Panglima TNI menegaskan bahwa dalam
konteks kekinian, Puspen TNI tidak lagi hanya sebagai institusi
penerangan masyarakat tetapi sudah harus berubah menjadi
media warrior yang melaksanakan media warfare untuk memenangkan opini
publik. Demikian juga dengan Siber TNI, Psikologi TNI, dan Koopssus TNI
yang melaksanakan operasi-operasi khusus.
“Upaya mencapai keberhasilan operasi TNI harus dicapai melalui segala
lini, dan dilaksanakan secara terintegrasi, dengan tujuan akhir adalah
untuk keberhasilan pelaksanaan tugas pokok,” terangnya.
Panglima TNI juga menyampaikan bahwa
spektrum ancaman yang sangat kompleks membutuhkan organisasi yang
adaptif. Organisasi yang tidak responsive atau tidak adaptif dengan
tantangan dan ancaman yang baru akan tenggelam dan digilas perubahan.
“Untuk menjadi organisasi yang adaptif, TNI
membutuhkan perwira-perwira yang adaptif pula. Perwira yang tidak
alergi dengan perubahan, mampu melihat trend, bersinergi, dan tidak
berpikiran sempit,” tegasnya.
Lebih lanjut Panglima TNI mengatakan,
perlu ada perubahan mind set para perwira bahwa situasi saat ini sangat
dinamis, cepat berubah dan membutuhkan respon tinggi.
“Tidak ada lagi jamannya para komandan santai-santai dan berleha-leha di
kursi komandan.

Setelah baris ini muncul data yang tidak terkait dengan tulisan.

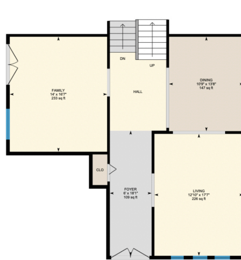
Main Floor Exterior Area 912.90 sq ft
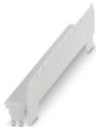
Component housing, Cover, color: light gray, width: 20.94 mm, length: 111.9 mm, height: 16.3 mm

Please be informed that the data shown in this PDF Document is generated from our Online Catalog. Please find the complete data in the user's documentation. Our General Terms of Use for Downloads are valid ( http://phoenixcontact.com/download )
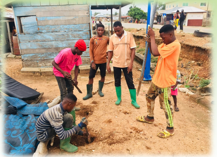
Tree planting in the Bamboi community
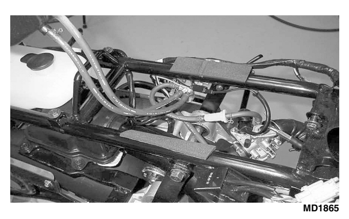
■NOTE: Mark the gas hoses for assembling purposes.

Remove the gas hoses from the gas tank valve noting where each one is attached.
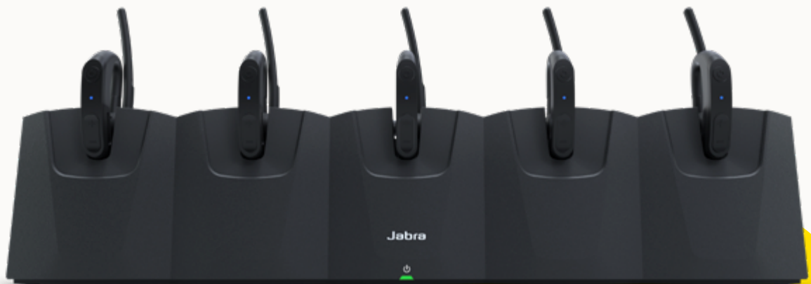
PERFORM CHARGING STAND, 5-BAY**

That's what we call a multi-tasking time-saver.
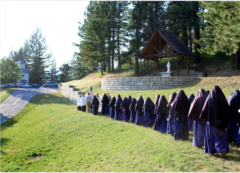
The Sisters joined the July 13th rosary procession in honor of Our Lady of Fatima at the "City of Mary" in Rathdrum, Idaho.
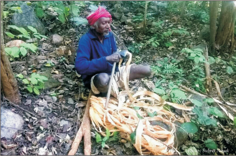
A Mankidia man collecting Siali fibres in STR, Odisha.
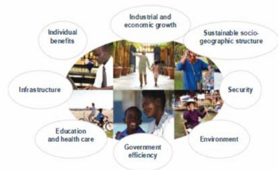
Fig.1. The Value of Mobile Communications

offers connectivity, or access which is the first step toward opportunity. Connectivity is only one component of ICT, which is considered that span the four Cs: computer (rather, devices), connectivity, content and (human) capacity. As shown in Fig. 1 mobile ICTs can enable a more obvious human development through efficiency, empowerment and opportunities. The capacity of these technologies to reduce many traditional obstacles, especially those of time and distance has the potential to benefit millions of people in all comers of the world.
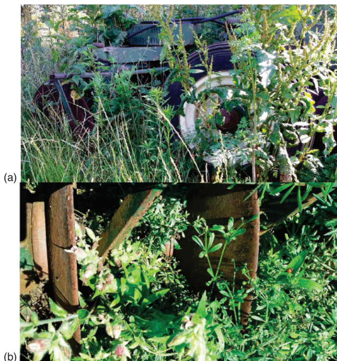
Figure 1.2 Images of agricultural machine left in a field for decades (a). A closer view clearly shows the presence of rust (b).
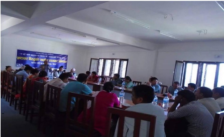
Interaction in enforced disappearance
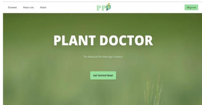
Fig1. Home page.
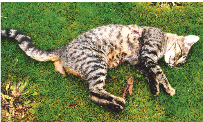
Feral cats are common throughout all the OSRS wet lands. Farmers need a simple method for killing these disease carrying pests.
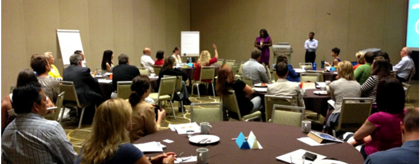
Q&A at the Mid Year Meeting

For the third year running, USGBC dove into summer by convening our key volunteer leadership from across the country and even a few from other parts of the world at our annual mid-year meeting (affectionately known by the USGBC team as MYM). This year, our community descended upon steamy Indianapolis, Indiana, which managed to be hotter than the other two previous two locations – Stone Mountain, GA and San Antonio, TX.
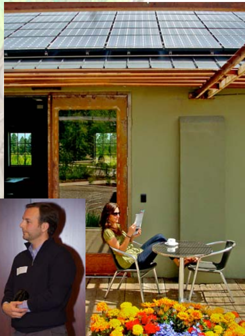
Green Building of the Year— Retrofit Painter's Hall at Pringle Creek Community
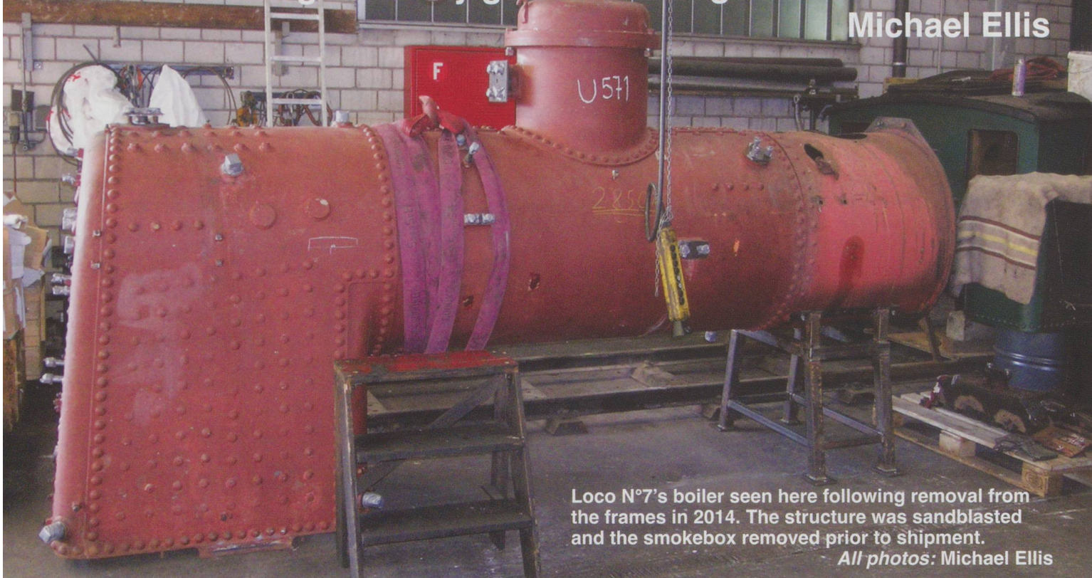
Loco N°7's boiler seen here following removal from the frames in 2014. The structure was sandblasted and the smokebox removed prior to shipment.
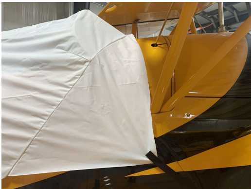
Bucher BU-133 Jungmeister Canopy Cover, test fit cover
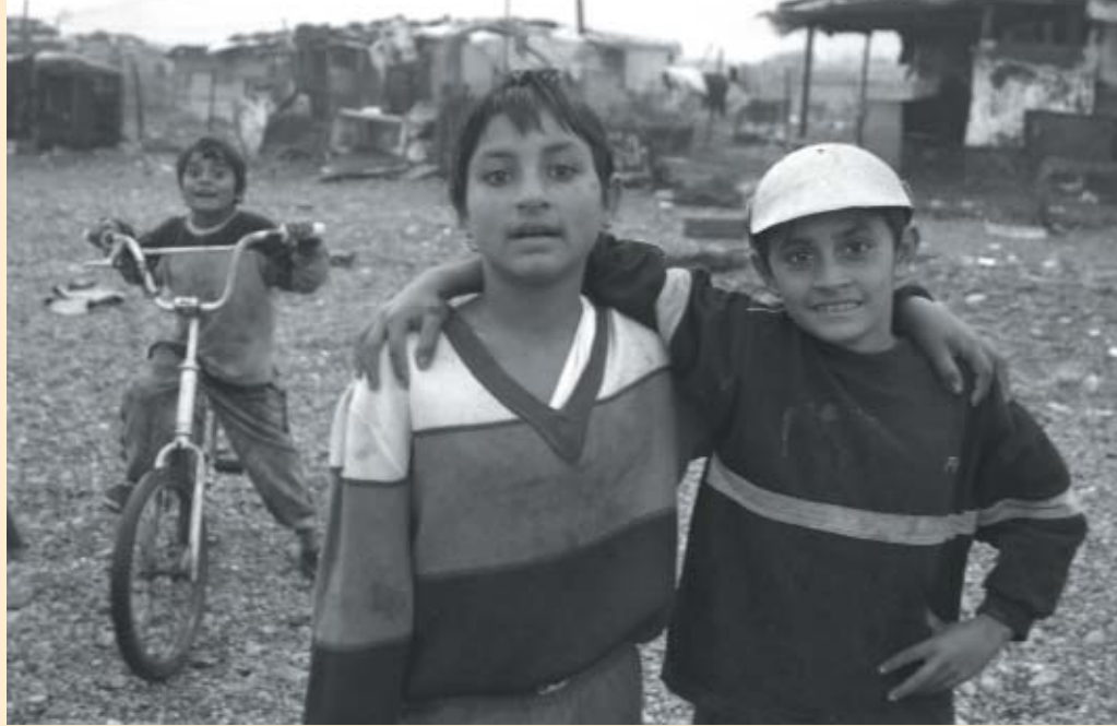
Roma children rarely receive education in their mother tongue.

The second model, encompassing the so-called submersion programmes, is generally used for weaker minorities. The effectiveness of this model, both in terms of educational outcomes and preservation of ethnic and cultural identity, is contested in international literature.
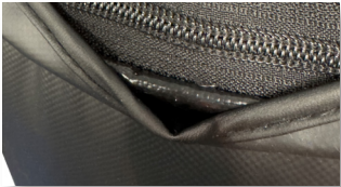
High Quality PU
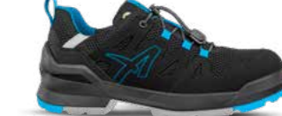
64.804.0 FASTPACK BLACK/ BLUE LOW S1PL ESD FO SR Sizes: 36 - 50
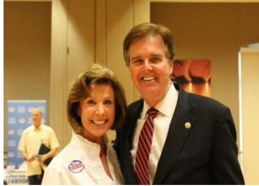
Lt. Governor-elect Dan Patrick
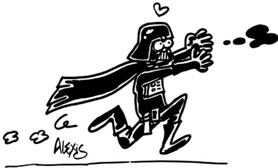
Running after dark matter.

The direct detection of dark matter particles in the halo of the Milky Way would have profound implications for cosmology, particle physics and, possibly, to the whole of physics as we understand it today. Over the past decade a number of separate astronomical observations have been brought together to produce an impressively consistent model of the Universe. A new component of the Universe, known as 'cold dark matter', is required in quantities that outweigh normal matter by several times. Weakly interacting massive particles (50-1000 GeV) would meet the requirements for this component. Adding to this the existence of supersymmetry, which as a theoretical framework that is able to unify all the forces of nature, including gravity, predicts specific new 'sparticles' (i.e. supersymmetric particles) with just the right properties and we have a very well motivated scenario.
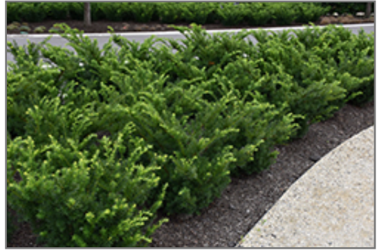
Densiformis Yew
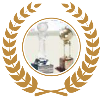
OUTSTANDING NATIONAL EXPORT PERFORMANCE (ALUMINUM ART WARE)
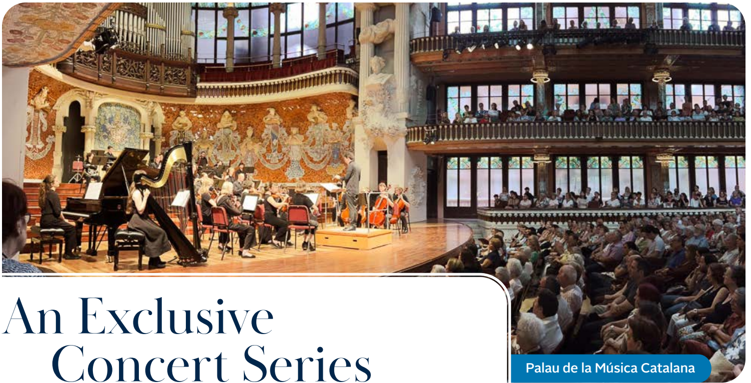
Palau de la Música Catalana
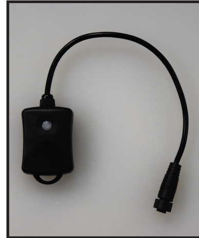
Minleon-Rainmin's WEC+ drives small & mid-size animated displays.

Specifications as of May 2018 and are subject to change.
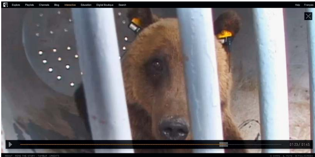
Figure 1. Bear 71 peers out of a cage before being released into Banff National Park with her new radio collar. Bear 71 ©2012 National Film Board of Canada. All rights reserved.

with the bear's capture, the film suggests that bears are thus interpellated into a system of wildlife management that forces them to give signs—to speak and communicate—of their existence to humans. Bear 71 notes that the radio collar thereafter is “constantly beeping my location to some ranger playing God.” Bear 71 's creators explain that after her collaring, “She lived her life under near-constant surveillance. . . . She was tracked and logged as data” (fig. 1). Wildlife conservation officers “tracked and logged” data about Bear 71 in order to gather information about the endangered grizzly bear population; the anthropomorphized narrative of Bear 71 reassembles the data into an invitation for viewers to listen to the singular experiences of the bear. Christine Biermann and Becky Mansfield argue: “Managing individual nonhuman lives is meaningless in responding to the crisis of biodiversity loss; individual lives acquire meaning only when they advance the long term well-being of the broader population.” 6 Bear 71 's autoethnographical narrative reframes wildlife conservation data into an affective mode of communication and address from the individual animal that gestures beyond the biopolitical tendency of species conservation.

Komandan harus turun ke lapangan, melihat fenomena dan
trend perubahan ancaman, kondisi masyarakat, anak buah, dan berpikir
antisipatif,” tuturnya.
“Terlebih dengan dunia gadget dewasa
ini. Jangan kemudian komandan hanya sibuk dengan gadgetnya, abai
terhadap perkembangan anak buah. Pembinaan anggota tidak dapat
dilepaskan dari tugas dan tanggung jawab setiap Dansat,” tambahnya.
Diakhir pembekalannya, Panglima TNI
mengingatkan bahwa pendidikan semacam Sesko TNI dan Sesko Angkatan harus
dapat mencetak sumber daya manusia unggulan berupa perwira-perwira yang
berkualitas.
“Pembinaan para personel tersebut harus
berdasar pada merit system, the right man on the right place, serta
memperhatikan kemampuan dan prestasi,” katanya.